Task description :: Once "فَإِنْ قِيلَ: فَيُشْكِلُ" turns up in a line below, reproduce that line and those after it exactly, stopping after the line with "(1)假设申金为用神,在卯月"; leave pictures out.

Dataset entries ::

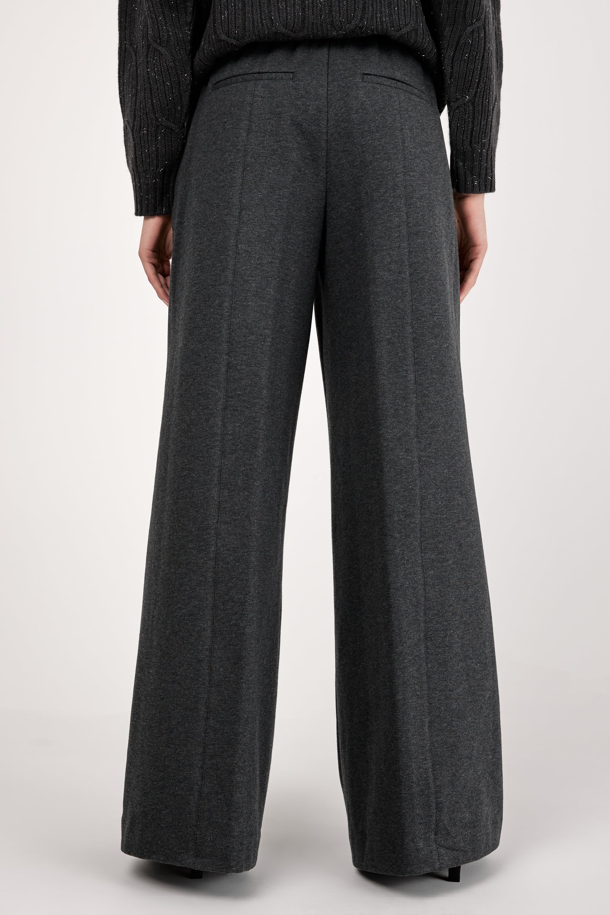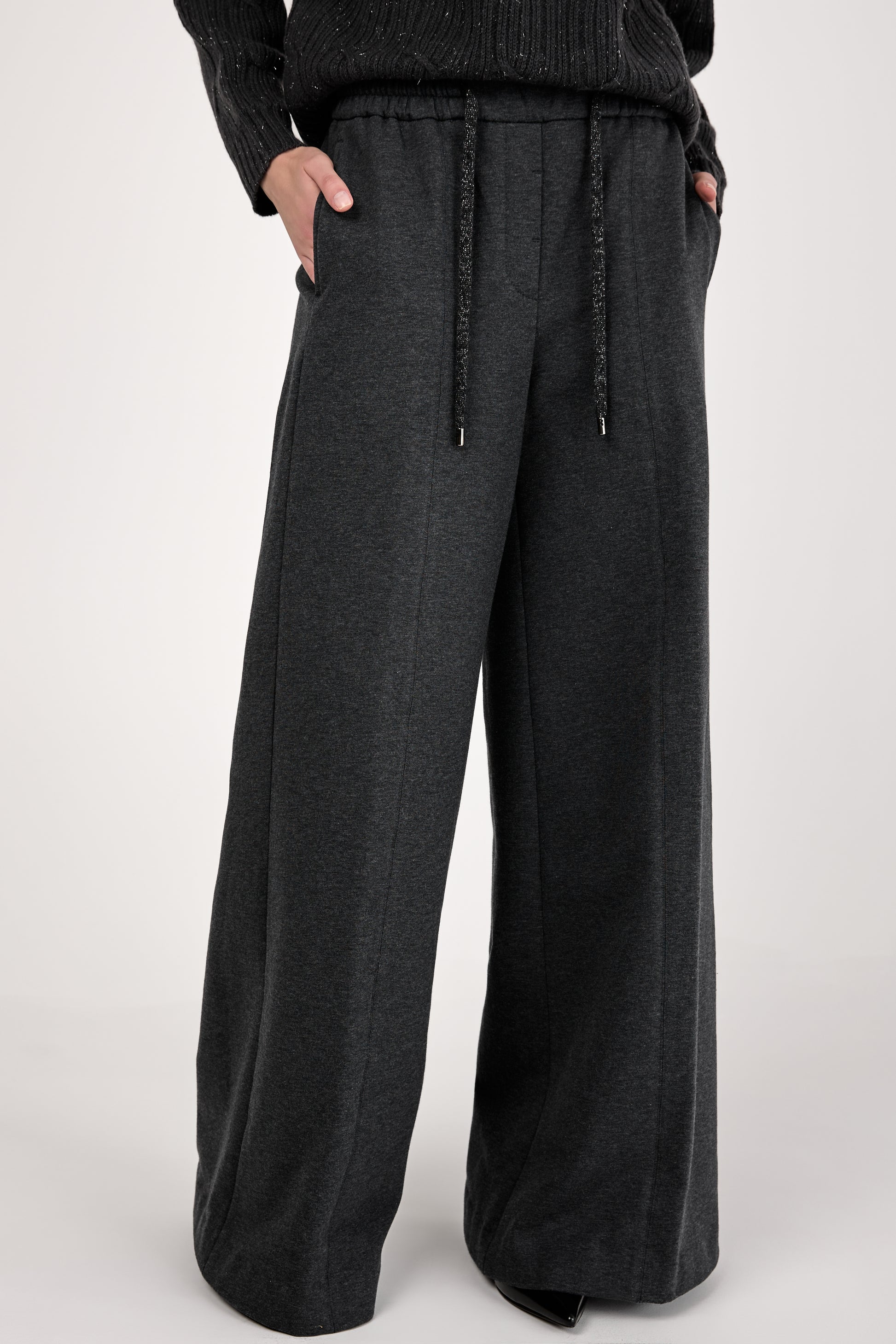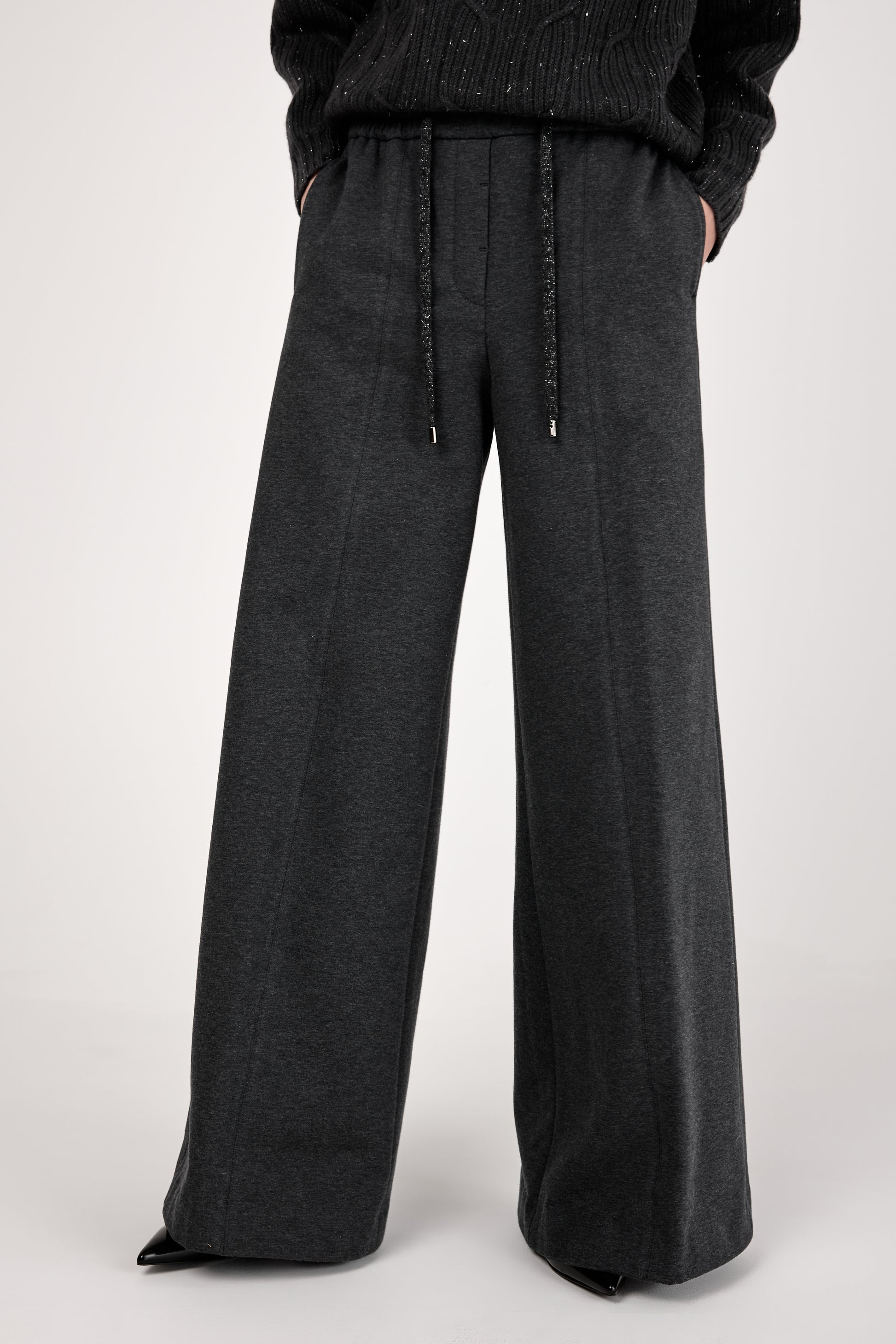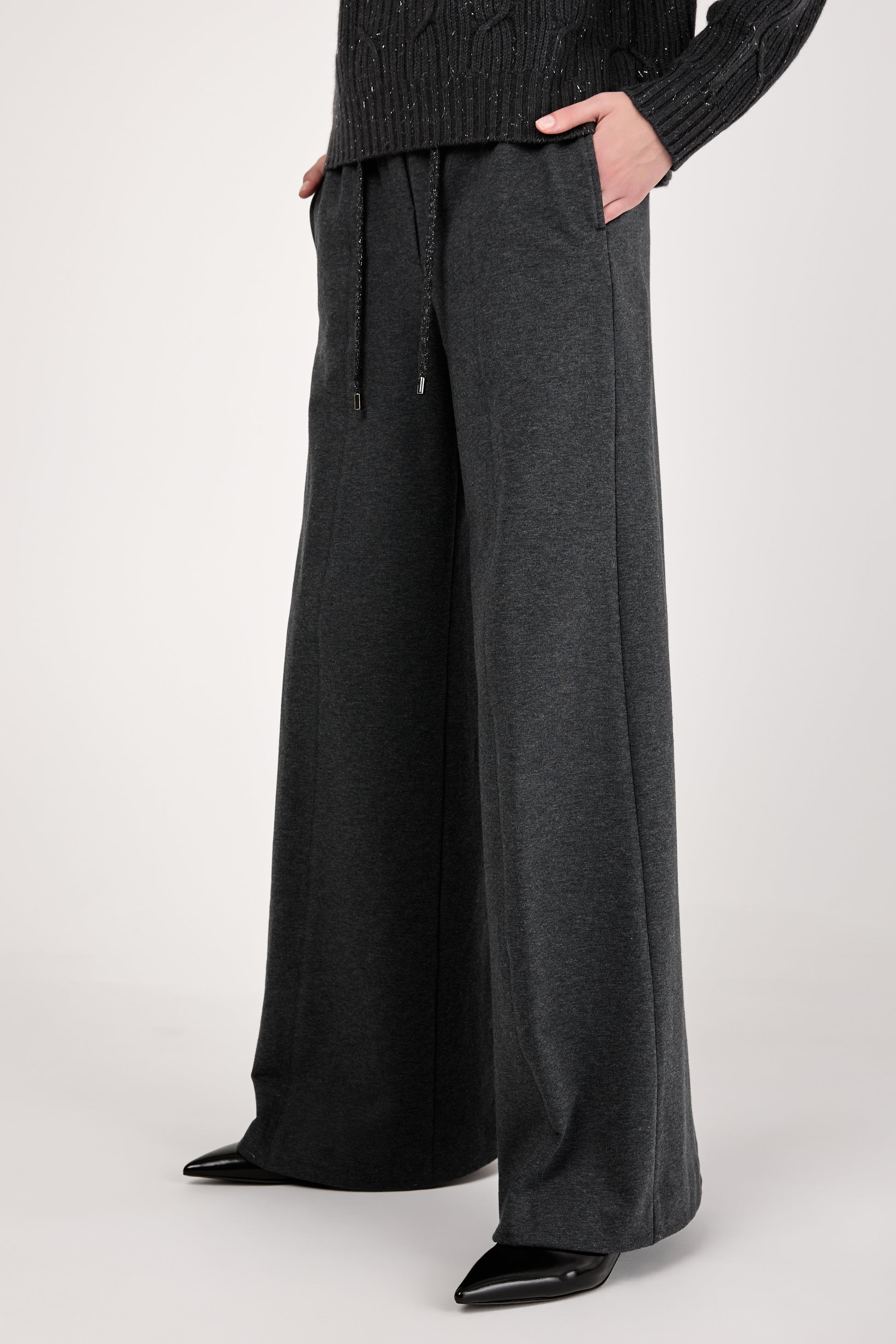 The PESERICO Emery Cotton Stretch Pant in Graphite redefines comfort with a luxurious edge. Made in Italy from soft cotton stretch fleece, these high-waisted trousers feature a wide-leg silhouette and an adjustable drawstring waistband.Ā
* * *
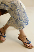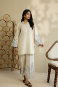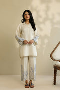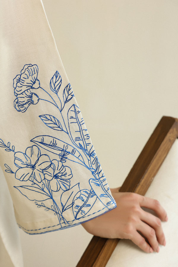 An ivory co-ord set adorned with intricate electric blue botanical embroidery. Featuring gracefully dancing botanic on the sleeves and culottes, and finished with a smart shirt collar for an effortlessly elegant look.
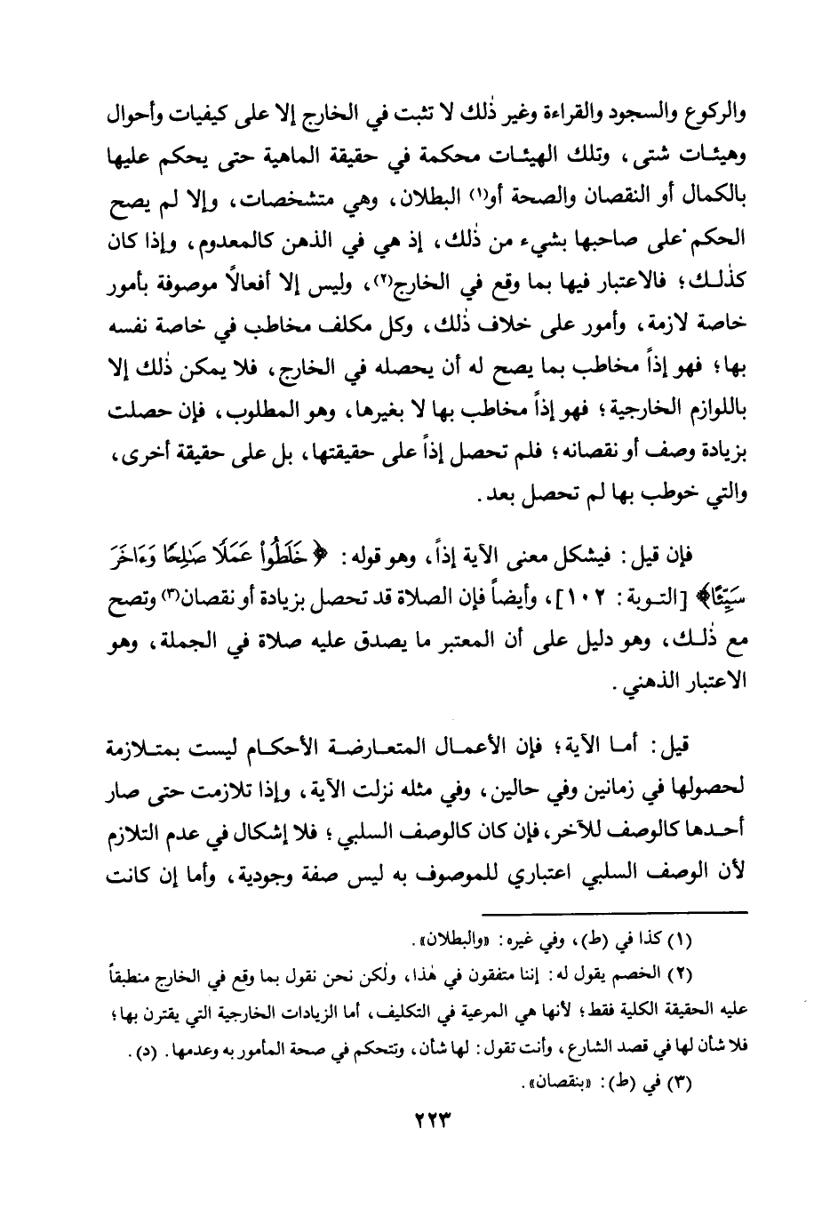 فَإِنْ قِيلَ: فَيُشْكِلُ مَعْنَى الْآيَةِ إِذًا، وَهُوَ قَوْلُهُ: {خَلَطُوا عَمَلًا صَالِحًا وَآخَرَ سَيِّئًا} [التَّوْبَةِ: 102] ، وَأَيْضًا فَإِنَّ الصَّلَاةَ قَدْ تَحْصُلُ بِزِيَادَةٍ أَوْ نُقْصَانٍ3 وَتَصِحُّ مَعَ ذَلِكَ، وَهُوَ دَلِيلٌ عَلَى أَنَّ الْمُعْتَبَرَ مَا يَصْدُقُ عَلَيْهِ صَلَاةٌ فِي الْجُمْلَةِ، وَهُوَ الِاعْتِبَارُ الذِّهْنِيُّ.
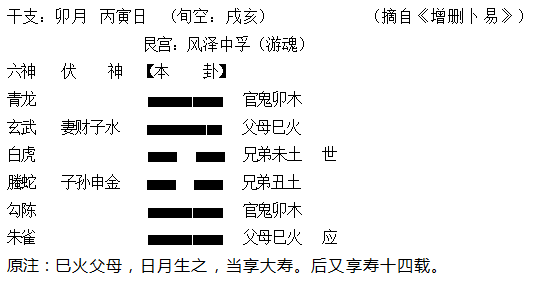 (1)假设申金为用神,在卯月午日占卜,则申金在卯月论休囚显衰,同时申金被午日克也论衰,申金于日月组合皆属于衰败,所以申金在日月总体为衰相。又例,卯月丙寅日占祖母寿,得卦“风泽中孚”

Written response ::
 فَإِنْ قِيلَ: فَيُشْكِلُ مَعْنَى الْآيَةِ إِذًا، وَهُوَ قَوْلُهُ: {خَلَطُوا عَمَلًا صَالِحًا وَآخَرَ سَيِّئًا} [التَّوْبَةِ: 102] ، وَأَيْضًا فَإِنَّ الصَّلَاةَ قَدْ تَحْصُلُ بِزِيَادَةٍ أَوْ نُقْصَانٍ3 وَتَصِحُّ مَعَ ذَلِكَ، وَهُوَ دَلِيلٌ عَلَى أَنَّ الْمُعْتَبَرَ مَا يَصْدُقُ عَلَيْهِ صَلَاةٌ فِي الْجُمْلَةِ، وَهُوَ الِاعْتِبَارُ الذِّهْنِيُّ.
 (1)假设申金为用神,在卯月午日占卜,则申金在卯月论休囚显衰,同时申金被午日克也论衰,申金于日月组合皆属于衰败,所以申金在日月总体为衰相。又例,卯月丙寅日占祖母寿,得卦“风泽中孚”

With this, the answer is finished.